In ancient art, Verbascum, though often misinterpreted as Acanthus calyx, was first identified in the Akroterion of Parthenon (5th Century BCE) (Figure 3a). It is also frequently represented in Apulian vase paintings, serving as a decorative motif surrounding disembodied female heads. In Attic vase painting, similar female heads appear in anodos scenes, which depict deities emerging from the underworld [51]. Among the thousands of extant vases featuring such motifs, nearly all with confirmed provenance have been recovered from funerary contexts. Their sepulchral function is further supported by morphological features, such as intentional perforations that made them unusable for daily life [52]. The surrounding flora in these compositions suggests a symbolic interplay between death and regeneration.
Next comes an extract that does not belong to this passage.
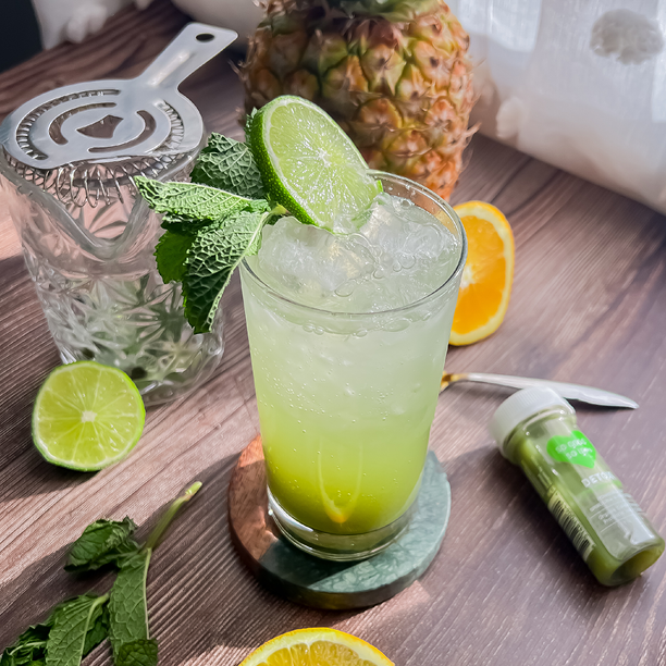 - Add the juice of half a lime, Detox Shot and coconut rum (optional) to a shaker with ice and shake well

Positioned directly above grave monuments, these figures that emerge from flowers serve as strong metaphors for rebirth and the promise of an afterlife [52]. Within this framework, the symbolic value of Verbascum may be further understood through its ancient Greek designation and its association with the caduceus carried by Hermes [53,54]. Hermes, the oracular deity who presided over the passage between the realms of the living and the dead, used his rod to guide departed souls to the underworld [55]. The association of Verbascum with Hermes and his necromantic functions, therefore, reinforces the plant’s funerary symbolism and emphasizes its functions as a mediator between life and death.
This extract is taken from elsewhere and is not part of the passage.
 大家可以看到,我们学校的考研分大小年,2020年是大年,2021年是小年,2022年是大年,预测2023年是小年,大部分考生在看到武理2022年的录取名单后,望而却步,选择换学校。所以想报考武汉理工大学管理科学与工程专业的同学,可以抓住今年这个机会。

This symbolic framework remains visible in later artistic traditions, where iconographic references to mythological themes, particularly involving Demeter and Persephone, perpetuate ancient funerary motifs. While the association between Verbascum and these divine female figures has not been widely explored in prior scholarship (aside from isolated references, e.g., [25]), it presents a promising direction for future research. The frequent appearances of female heads on Apulian vases, long interpreted as divine figures, including Persephone, suggest a strong thematic alignment. Given her role in the mythological cycles of death and seasonal rebirth, Persephone’s cyclical narrative may align closely with Verbascum’s symbolic connotations of regeneration and light [51].
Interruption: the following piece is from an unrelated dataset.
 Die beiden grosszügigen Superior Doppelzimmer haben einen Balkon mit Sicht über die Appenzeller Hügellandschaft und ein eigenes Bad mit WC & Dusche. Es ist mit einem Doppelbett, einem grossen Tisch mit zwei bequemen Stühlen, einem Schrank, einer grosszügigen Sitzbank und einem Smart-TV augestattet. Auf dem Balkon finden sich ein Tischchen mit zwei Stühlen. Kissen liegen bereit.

This connection extends into Dionysian contexts as well. Dionysus, a deity frequently featured in funerary iconography such as the volute krater attributed to the Darius Painter depicting him reaching toward Hades and Persephone, was venerated in Italic cultures as a guarantor of a blessed afterlife [56]. In this symbolic framework, Verbascum may serve as a visual mediator, embodying the themes of life, death, and cyclical renewal. In ancient funerary artworks, Verbascum is typically shown in its vegetative form, most often as basal leaves, while the inflorescence, strongly associated with light and spiritual revelation, is conspicuously absent. This omission may not be incidental but instead a deliberate iconographic strategy. The unflowered state of the plant may symbolize the latent hope for renewal, reinforcing the funerary theme of rebirth and the aspiration to “see the light” once more in an afterlife. Indeed, beyond Demeter and Persephone, Verbascum also appears to be associated with Athena (or her Roman counterpart, Minerva) and with Apollo. The linkage with Athena is well evident in the magnificent Akroterion of Parthenon, in the Acropolis of Athens, but also in the Athenanion frieze of the Castrum Minervae sanctuary and the temple dedicated to Minerva in the archaeological park of San Leucio (Figure 3c) [25].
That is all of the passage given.